(Work to be completed):
If pictures appear among the lines below, leave them out while you return exactly the lines from the one with "Нетрудно согласиться, что" through the one with "오큘러스 퀘스트 2 홈페이지에서 주문 내역을 확인할때".

(Listed entries):
——
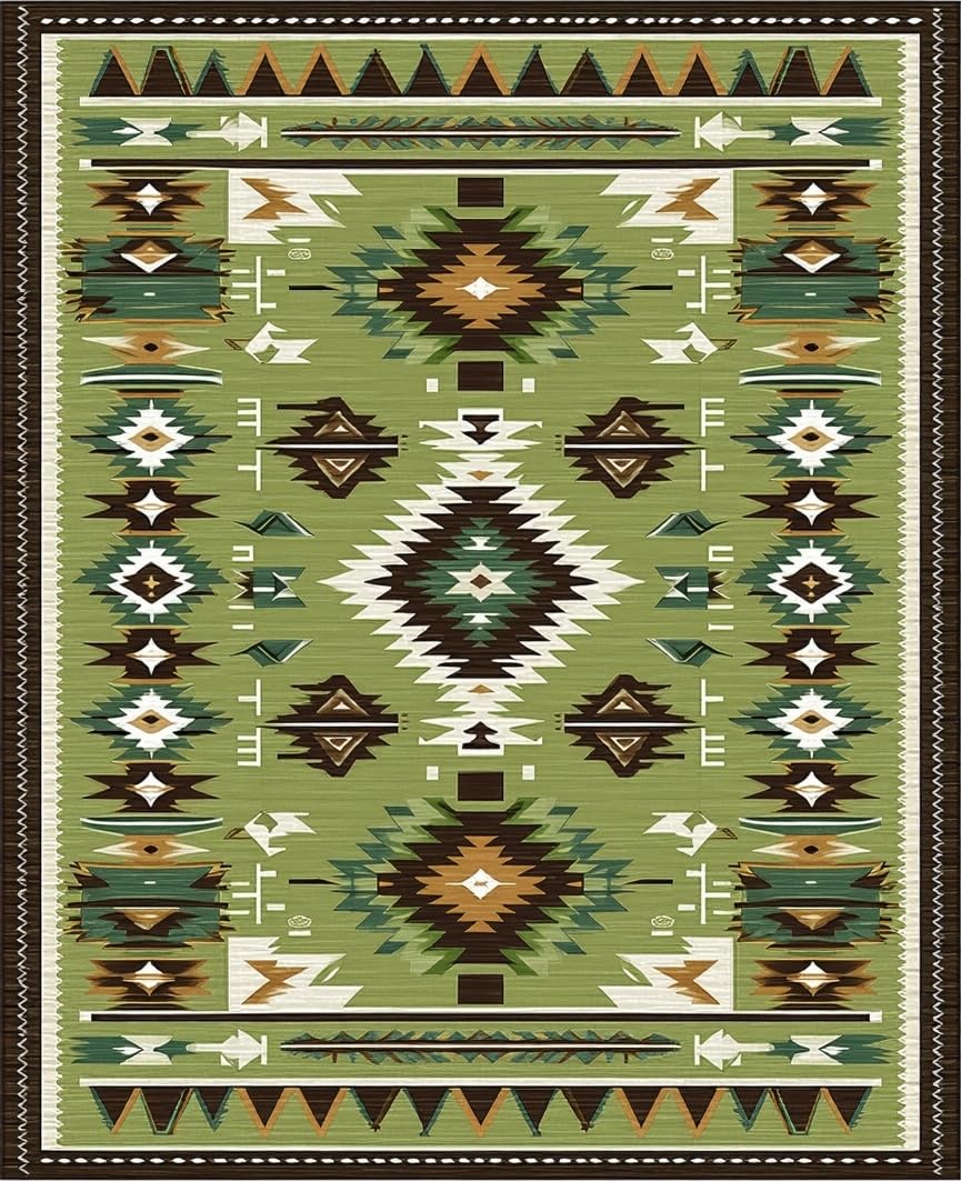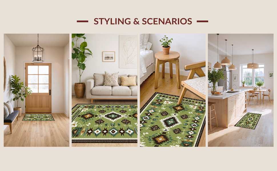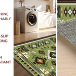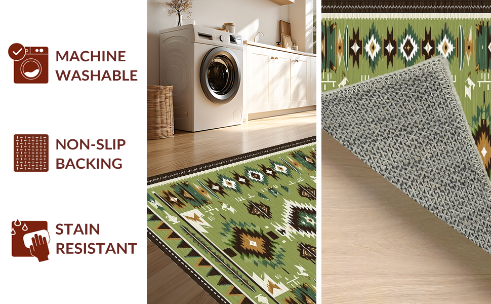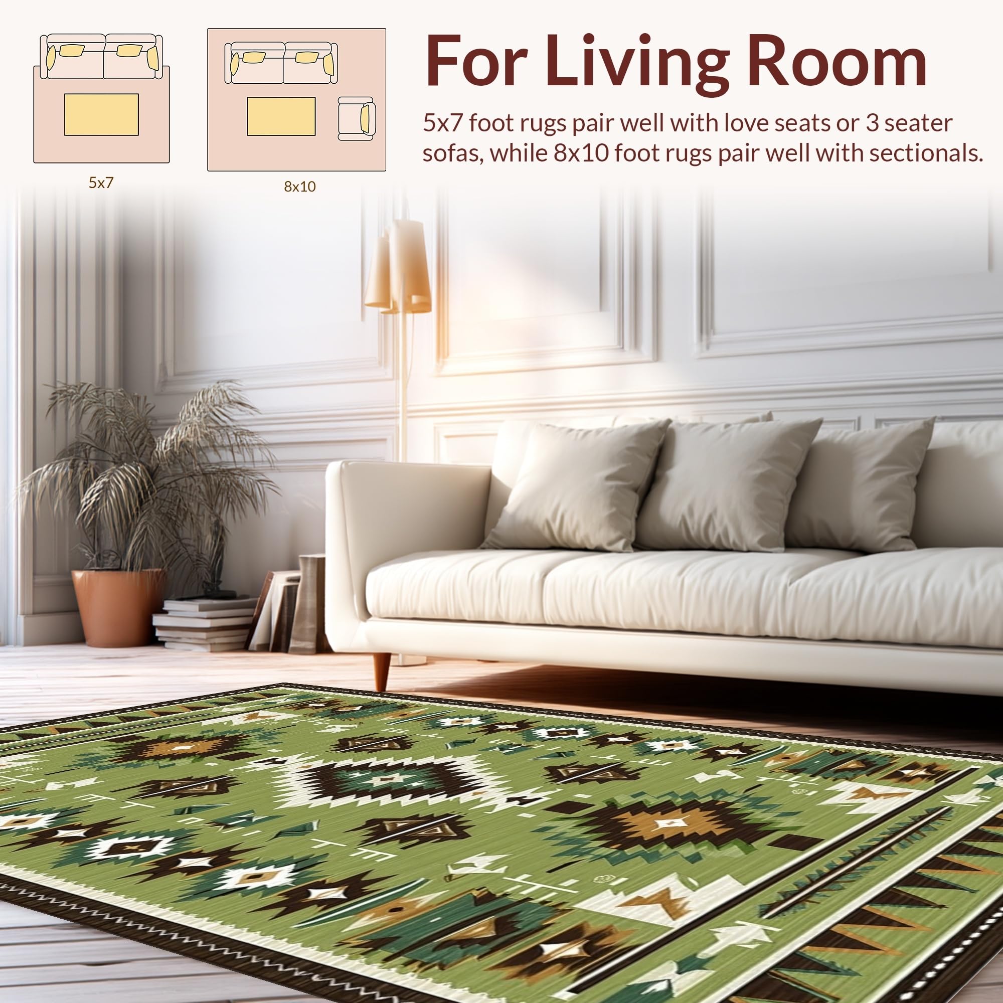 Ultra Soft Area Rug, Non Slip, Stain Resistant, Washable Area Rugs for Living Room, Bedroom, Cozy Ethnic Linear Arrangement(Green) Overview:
——
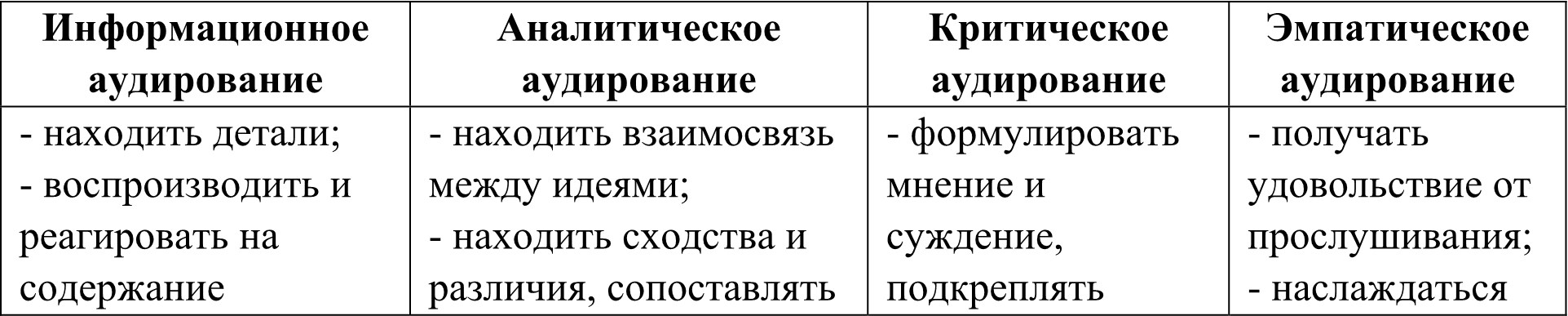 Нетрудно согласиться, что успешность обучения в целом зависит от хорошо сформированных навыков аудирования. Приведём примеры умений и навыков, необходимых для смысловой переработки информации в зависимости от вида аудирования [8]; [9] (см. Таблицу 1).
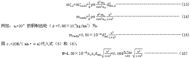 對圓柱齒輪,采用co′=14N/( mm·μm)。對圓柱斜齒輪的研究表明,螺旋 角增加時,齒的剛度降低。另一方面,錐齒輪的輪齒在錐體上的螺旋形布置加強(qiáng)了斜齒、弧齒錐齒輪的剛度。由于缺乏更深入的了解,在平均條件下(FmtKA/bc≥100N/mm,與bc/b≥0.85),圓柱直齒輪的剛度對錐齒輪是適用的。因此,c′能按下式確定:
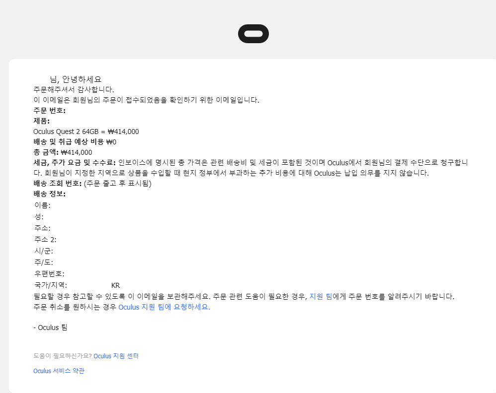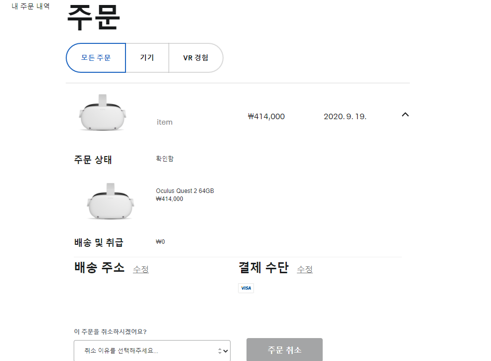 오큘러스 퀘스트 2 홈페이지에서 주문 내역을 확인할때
——
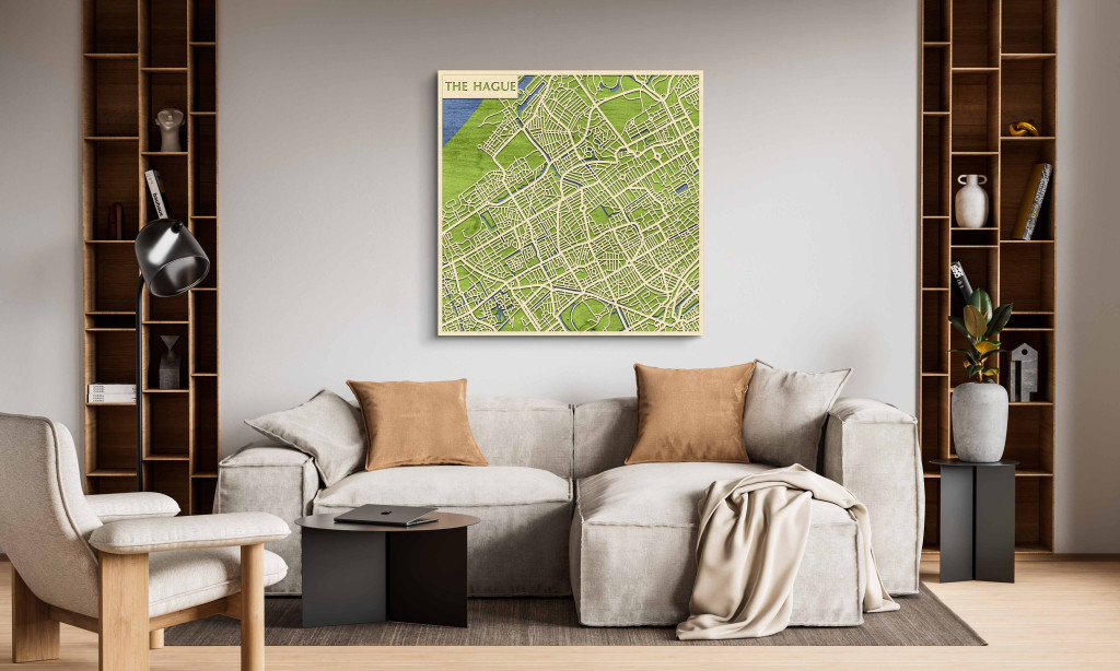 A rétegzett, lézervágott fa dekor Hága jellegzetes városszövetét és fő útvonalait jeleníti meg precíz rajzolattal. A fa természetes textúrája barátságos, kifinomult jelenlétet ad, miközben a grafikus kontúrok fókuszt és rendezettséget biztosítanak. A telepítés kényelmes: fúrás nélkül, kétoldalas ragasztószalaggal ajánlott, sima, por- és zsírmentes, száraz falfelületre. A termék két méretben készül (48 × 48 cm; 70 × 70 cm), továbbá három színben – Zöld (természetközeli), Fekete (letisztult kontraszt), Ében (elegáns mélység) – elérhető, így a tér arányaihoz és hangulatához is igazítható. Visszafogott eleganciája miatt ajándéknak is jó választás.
——
(Answer for this exercise):
 Нетрудно согласиться, что успешность обучения в целом зависит от хорошо сформированных навыков аудирования. Приведём примеры умений и навыков, необходимых для смысловой переработки информации в зависимости от вида аудирования [8]; [9] (см. Таблицу 1).
 對圓柱齒輪,采用co′=14N/( mm·μm)。對圓柱斜齒輪的研究表明,螺旋 角增加時,齒的剛度降低。另一方面,錐齒輪的輪齒在錐體上的螺旋形布置加強(qiáng)了斜齒、弧齒錐齒輪的剛度。由于缺乏更深入的了解,在平均條件下(FmtKA/bc≥100N/mm,與bc/b≥0.85),圓柱直齒輪的剛度對錐齒輪是適用的。因此,c′能按下式確定:
 오큘러스 퀘스트 2 홈페이지에서 주문 내역을 확인할때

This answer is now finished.